[Source records Boundary: Start]
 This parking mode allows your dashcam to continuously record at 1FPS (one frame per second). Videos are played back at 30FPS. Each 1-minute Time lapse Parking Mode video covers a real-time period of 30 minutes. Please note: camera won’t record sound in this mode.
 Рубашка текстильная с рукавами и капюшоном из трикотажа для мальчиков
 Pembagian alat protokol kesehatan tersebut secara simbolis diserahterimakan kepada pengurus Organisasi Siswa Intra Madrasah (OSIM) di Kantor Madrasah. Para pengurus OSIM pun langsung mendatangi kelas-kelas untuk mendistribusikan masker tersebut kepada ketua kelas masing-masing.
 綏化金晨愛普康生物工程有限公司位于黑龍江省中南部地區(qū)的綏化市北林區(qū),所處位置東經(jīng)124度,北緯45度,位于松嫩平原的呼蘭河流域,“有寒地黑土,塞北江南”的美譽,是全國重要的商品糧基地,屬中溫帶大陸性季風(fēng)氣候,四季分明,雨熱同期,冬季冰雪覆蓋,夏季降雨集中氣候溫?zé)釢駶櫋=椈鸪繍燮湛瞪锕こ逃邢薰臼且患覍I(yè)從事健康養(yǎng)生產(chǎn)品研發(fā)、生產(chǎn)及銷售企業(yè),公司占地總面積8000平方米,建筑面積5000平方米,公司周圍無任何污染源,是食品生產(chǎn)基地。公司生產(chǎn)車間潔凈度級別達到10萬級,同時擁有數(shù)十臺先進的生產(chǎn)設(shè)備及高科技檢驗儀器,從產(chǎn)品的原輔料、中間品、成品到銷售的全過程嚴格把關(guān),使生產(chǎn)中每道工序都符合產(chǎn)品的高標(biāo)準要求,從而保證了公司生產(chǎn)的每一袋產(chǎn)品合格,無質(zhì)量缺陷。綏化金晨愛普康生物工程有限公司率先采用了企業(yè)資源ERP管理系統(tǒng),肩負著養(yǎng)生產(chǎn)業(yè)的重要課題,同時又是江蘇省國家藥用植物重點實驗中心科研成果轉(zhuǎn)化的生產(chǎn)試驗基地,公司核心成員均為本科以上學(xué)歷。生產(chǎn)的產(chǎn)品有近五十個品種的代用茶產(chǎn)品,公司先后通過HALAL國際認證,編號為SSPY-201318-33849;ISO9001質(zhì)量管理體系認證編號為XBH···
[Source records Boundary: End]
[Source records Boundary: Start]
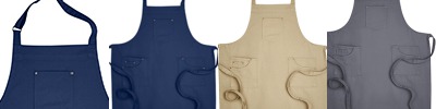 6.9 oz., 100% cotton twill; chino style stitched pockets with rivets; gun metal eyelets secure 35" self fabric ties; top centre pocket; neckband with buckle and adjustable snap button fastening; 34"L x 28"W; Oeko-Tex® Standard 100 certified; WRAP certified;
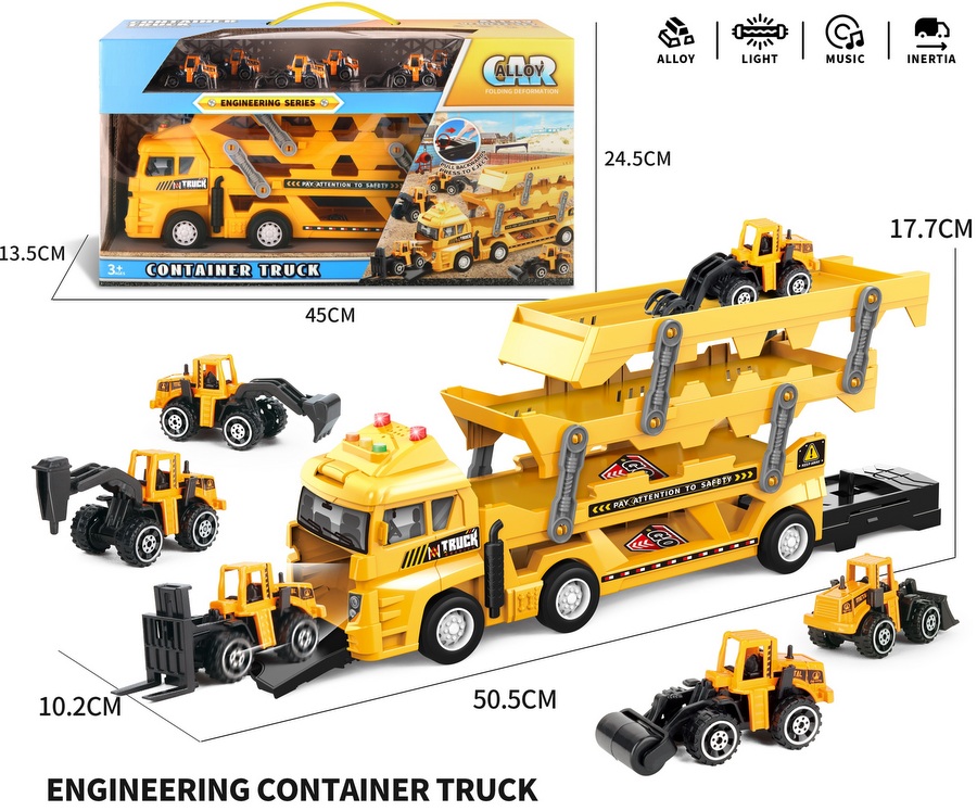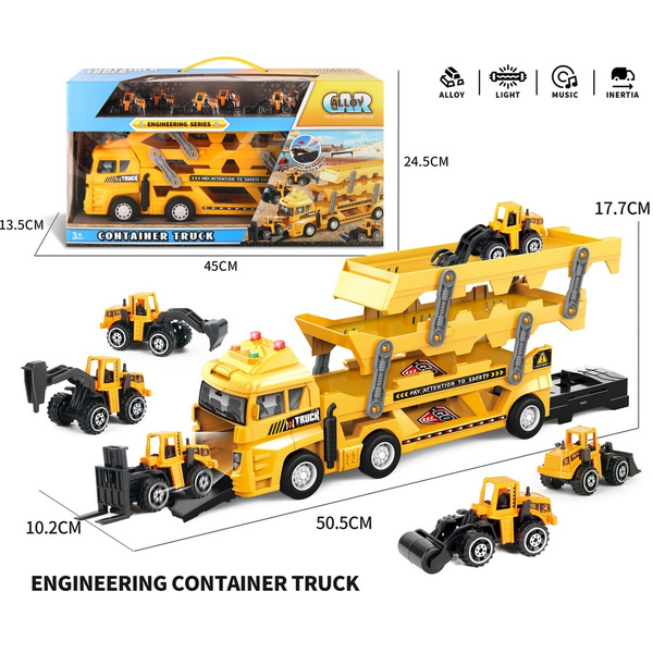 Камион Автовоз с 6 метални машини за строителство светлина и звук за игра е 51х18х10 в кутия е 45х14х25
[Source records Boundary: End]
■ **What is expected**
In the data above, start at the line that has "This parking mode", stop after the line that has "綏化金晨愛普康生物工程有限公司位于黑龍江", and print every line in between exactly as it stands.

■ **Answer area**
 This parking mode allows your dashcam to continuously record at 1FPS (one frame per second). Videos are played back at 30FPS. Each 1-minute Time lapse Parking Mode video covers a real-time period of 30 minutes. Please note: camera won’t record sound in this mode.
 Рубашка текстильная с рукавами и капюшоном из трикотажа для мальчиков
 Pembagian alat protokol kesehatan tersebut secara simbolis diserahterimakan kepada pengurus Organisasi Siswa Intra Madrasah (OSIM) di Kantor Madrasah. Para pengurus OSIM pun langsung mendatangi kelas-kelas untuk mendistribusikan masker tersebut kepada ketua kelas masing-masing.
 綏化金晨愛普康生物工程有限公司位于黑龍江省中南部地區(qū)的綏化市北林區(qū),所處位置東經(jīng)124度,北緯45度,位于松嫩平原的呼蘭河流域,“有寒地黑土,塞北江南”的美譽,是全國重要的商品糧基地,屬中溫帶大陸性季風(fēng)氣候,四季分明,雨熱同期,冬季冰雪覆蓋,夏季降雨集中氣候溫?zé)釢駶櫋=椈鸪繍燮湛瞪锕こ逃邢薰臼且患覍I(yè)從事健康養(yǎng)生產(chǎn)品研發(fā)、生產(chǎn)及銷售企業(yè),公司占地總面積8000平方米,建筑面積5000平方米,公司周圍無任何污染源,是食品生產(chǎn)基地。公司生產(chǎn)車間潔凈度級別達到10萬級,同時擁有數(shù)十臺先進的生產(chǎn)設(shè)備及高科技檢驗儀器,從產(chǎn)品的原輔料、中間品、成品到銷售的全過程嚴格把關(guān),使生產(chǎn)中每道工序都符合產(chǎn)品的高標(biāo)準要求,從而保證了公司生產(chǎn)的每一袋產(chǎn)品合格,無質(zhì)量缺陷。綏化金晨愛普康生物工程有限公司率先采用了企業(yè)資源ERP管理系統(tǒng),肩負著養(yǎng)生產(chǎn)業(yè)的重要課題,同時又是江蘇省國家藥用植物重點實驗中心科研成果轉(zhuǎn)化的生產(chǎn)試驗基地,公司核心成員均為本科以上學(xué)歷。生產(chǎn)的產(chǎn)品有近五十個品種的代用茶產(chǎn)品,公司先后通過HALAL國際認證,編號為SSPY-201318-33849;ISO9001質(zhì)量管理體系認證編號為XBH···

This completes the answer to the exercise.